Here all four of my prepared weights. I am using 2 for each pant leg, one on each seam.

Step 6. Mark your hem where you plan to fold up and mark, place your weight on the mark and sew down  (you won’t see it on the outside because you are sewing on the hem before turning up the hem)

Step 7. Sew around the weight attaching it to your hem

Step 8. Fold up your hem along the marks you made earlier and stitch your hem in place
(this is how it looks on the inside of your pant leg)
This is the outside finished hem πŸ˜‰

I will show you guys tomorrow how my jumpsuit turned out.

mimi g.


50 thoughts on “Weighing Down Hems: Trousers, Coco Chanel + How To’s

  1. OMG, Mommy, I mean Mimi! That I have to definitely try. I'm too damn tall for a jumpsuit, so I doubt I'll try that sewalong, but I'll keep this tip in mind!!

  2. May God continue to bless you Mimi, because you’re not afraid to share the knowledge that God has blessed you with. God blesses us all to be a blessing. He never gives us blessing, knowledge, wisdoms, understanding, etc for us to keep it to ourselves. You seem to be a very humble person and you get a thumbs ups aside from your beauty, talent and success. Thanks for this very informative information. And,that's real talk :-)))))

  3. Great tip. I knew about the Chanel Jackets but I never knew about pants. Quick question. Do you ever worry that over time and washing that the coins may discolor the fabric?

  4. Yes sew along please. I have been staring at this pattern for 2 months now. I have my fabric and everything. I wanted to make view E but I'm smaller than a 4 on top and have no idea how to go about altering this pattern.

  5. Mimi, this tutorial came at the perfect time! I'm in the middle of sewing a very Chanel-esque type top and was thinking about using weights but wasn't sure. After reading your post, I really think I should. And you made it look so easy! Thank you!

  6. That is an awesome awesome tip. I never ever thought of that in all my years of sewing. Thanks Mimi. P.S. Can you still machine wash the garment without any harm???

  7. I love everything about your blog, cant wait to see the pictures today..I have this pattern so I might sew it, for this weekend and use your tips, thanks.

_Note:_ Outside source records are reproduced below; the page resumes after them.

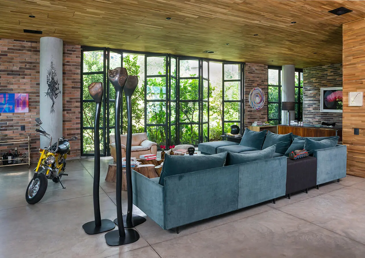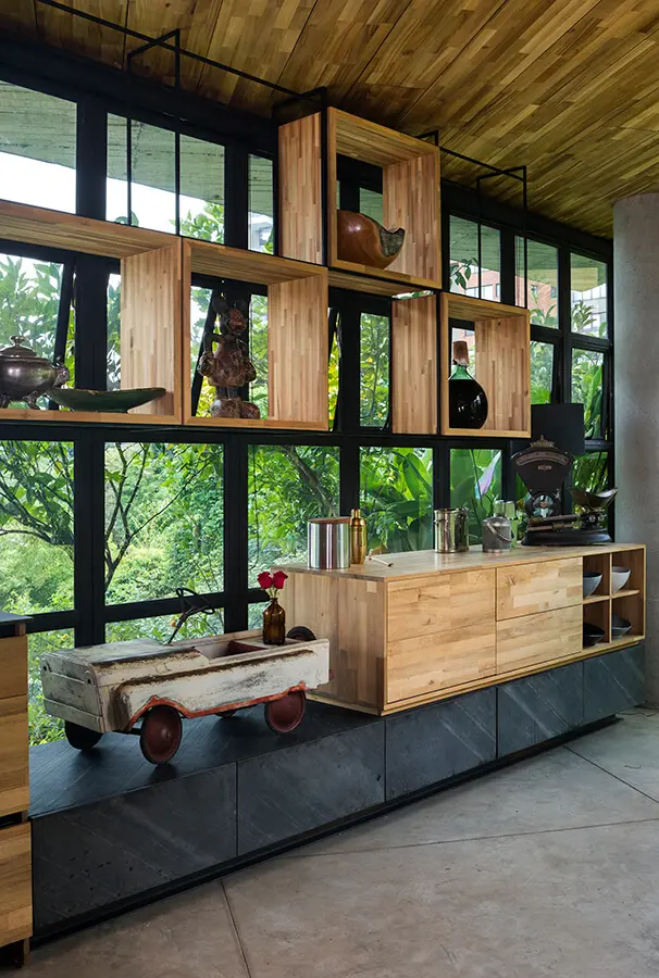 A su vez, el salón y la oficina se integran. Mesas de centro hechas con troncos de árboles, sofás con un diseño austero y un escritorio en un rincón se colman de libros y objetos que relatan el andar de su propietario por la vida. “Una casa se llena de chécheres; de objetos que uno va recogiendo con el tiempo”, dice el chef, cuyo hogar congrega fotografías de su familia, obras de arte y herramientas de cocina…, todas exhibidas como piezas que dejan ver la identidad de quien ahí vive.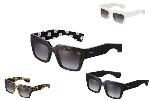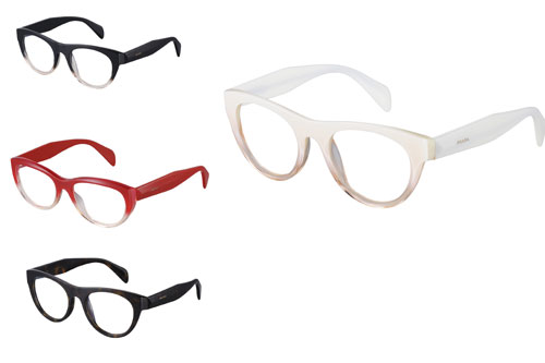 แว่นตาสำหรับบุรุษแบบคลาสสิกได้ถูกนำเสนอใหม่ในรูปแบบสำหรับสตรี ดีไซน์ได้อย่างกลมกลืน ระหว่างรูปทรงและความหนาของวัสดุอะซิเตทที่ประณีตและเรียบหรู มีวางจำหน่ายในสีดำสีงาช้าง และสีผสมระหว่างลายกระสีกลาง ลายกระสีอ่อน-เข้ม และลายกระสีทราย-สีน้ำตาลเข้ม โลโกตัวอักษร โลหะของ Prada มีความโดดเด่นและแยกระหว่างขาแว่นออกจากด้านหน้าของกรอบแว่น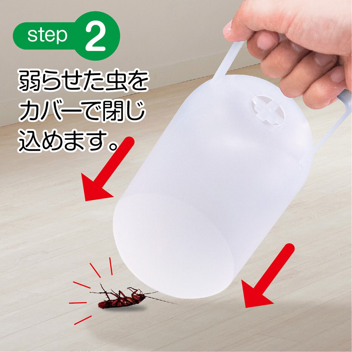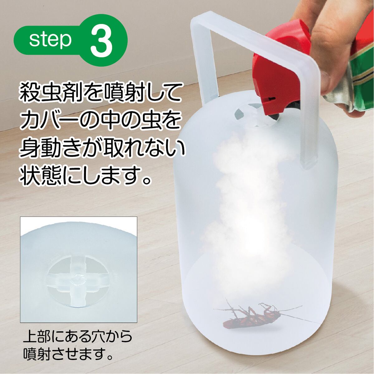 殺虫剤でゴキブリを弱らせ、カバーで閉じ込め、殺虫剤を一斉噴射して退治します。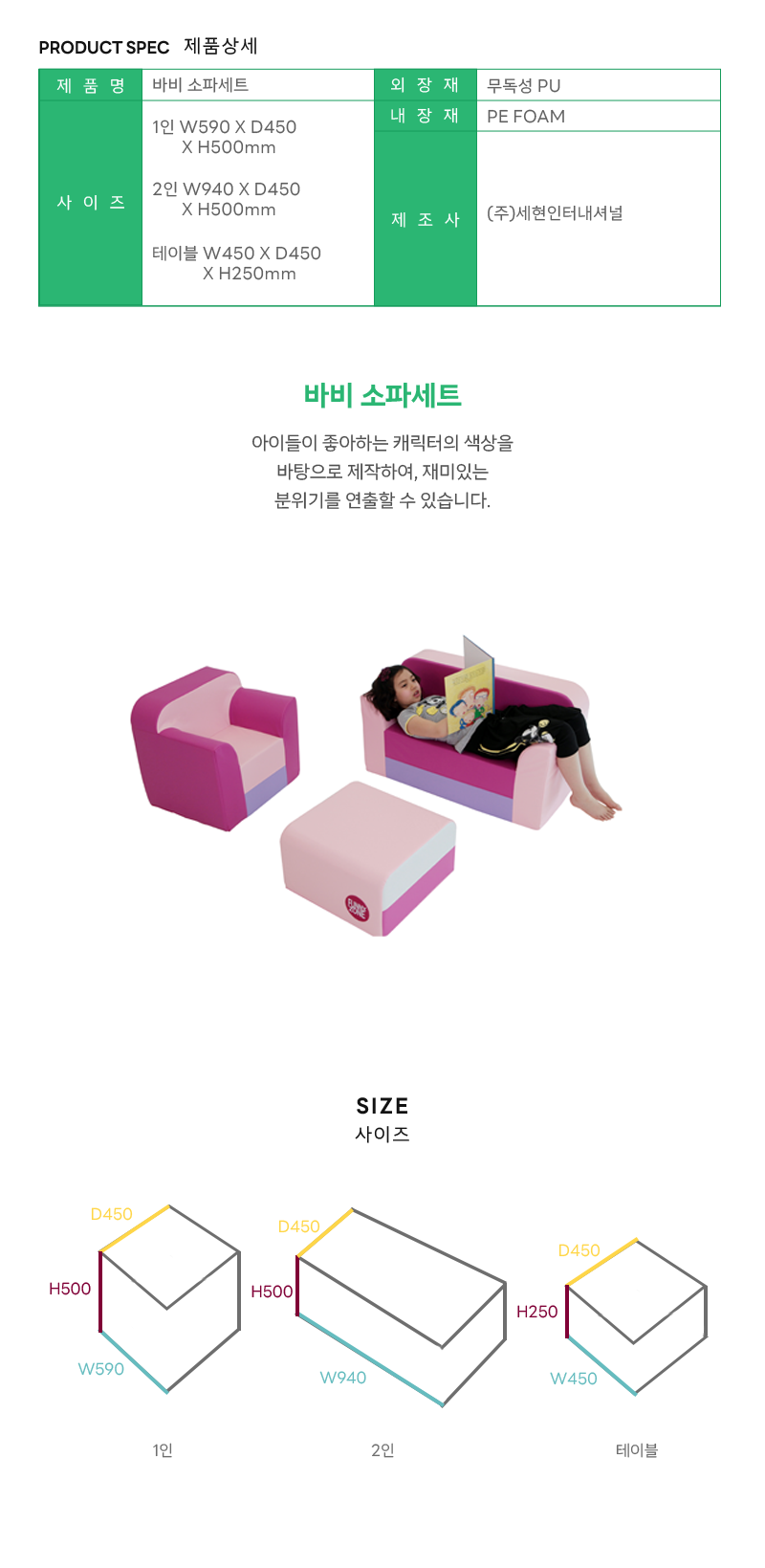 "1인쇼파 : 59×45×50cm2인쇼파 : 94×45×50cm테이블 : 45×45×25cm"/앉는높이 25cm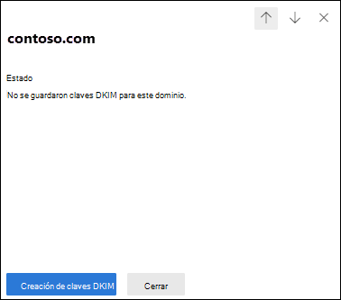 - El valor Status es No DKIM keys saved for this domain (No se guardaron claves DKIM para este dominio).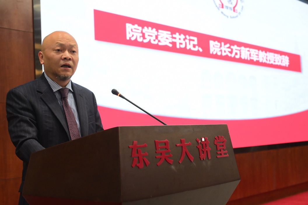 方新军院长以《养天地正气 法古今完人》为题为开学典礼致辞。方院长代表法学院全体师生对2024级新生的到来表示热烈欢迎。他从苏州大学校训的中英文拟定入手,通过对比中西方古代与现代的教育理念,鼓励全体新生努力成长为一名“完人”。所谓“完人”并非完美无缺,而是在学习过程中,实现了解自我、探索自己的远大目标,毕业时成为一个更加成熟的人。在数字化、全球化蓬勃发展的人工智能时代背景下,所谓“完人”,就是要坚持博雅式学习,始终站在知识发展前沿,养成良好的读书习惯,在法学知识以外系统阅读哲学、社会学、历史学、政治学等内容,博采众长,努力成长为复合型法学人才,为中国式现代化提供强大法律支撑。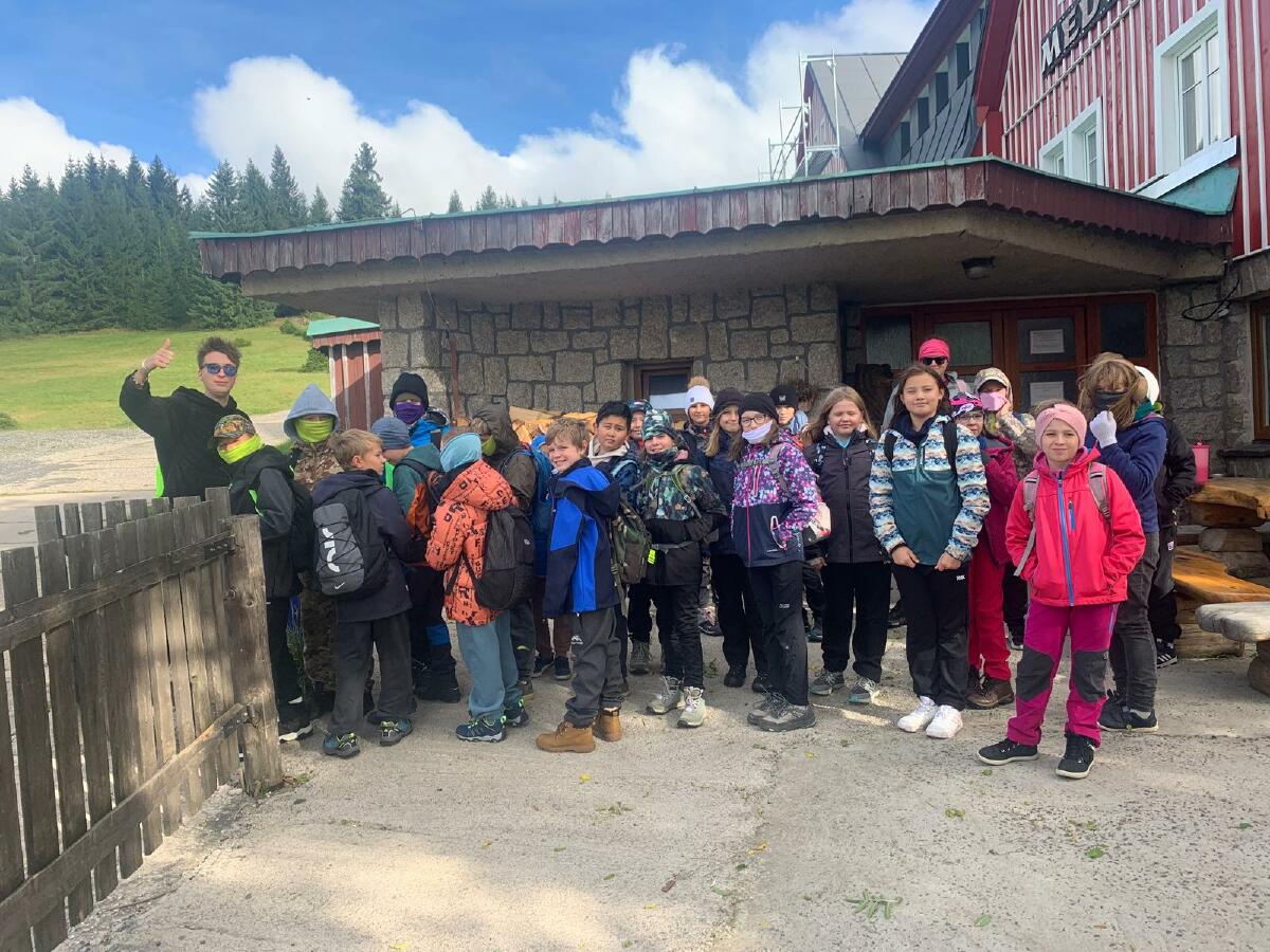 Jeden ze zářijových týdnů strávili páťáci na Škole v přírodě. Navštívili jsme Krkonošský národní park a celý týden jsme byli ubytováni na horské chatě Medvědí bouda.

  8. OMG! Ann Taylor does something similar to this. They actually added sewn in pouch and they added a heavy button to the front of a blouse to create a scoop neck effect. This is simply genius! Thanks for the tip Mimi!

  9. Wow, what a great idea. I love this post–sewing wisdom about fabric weight! It's such an ongoing learning process. I love wide leg linen trousers and wear them frequently in the summer and this will really make them look better.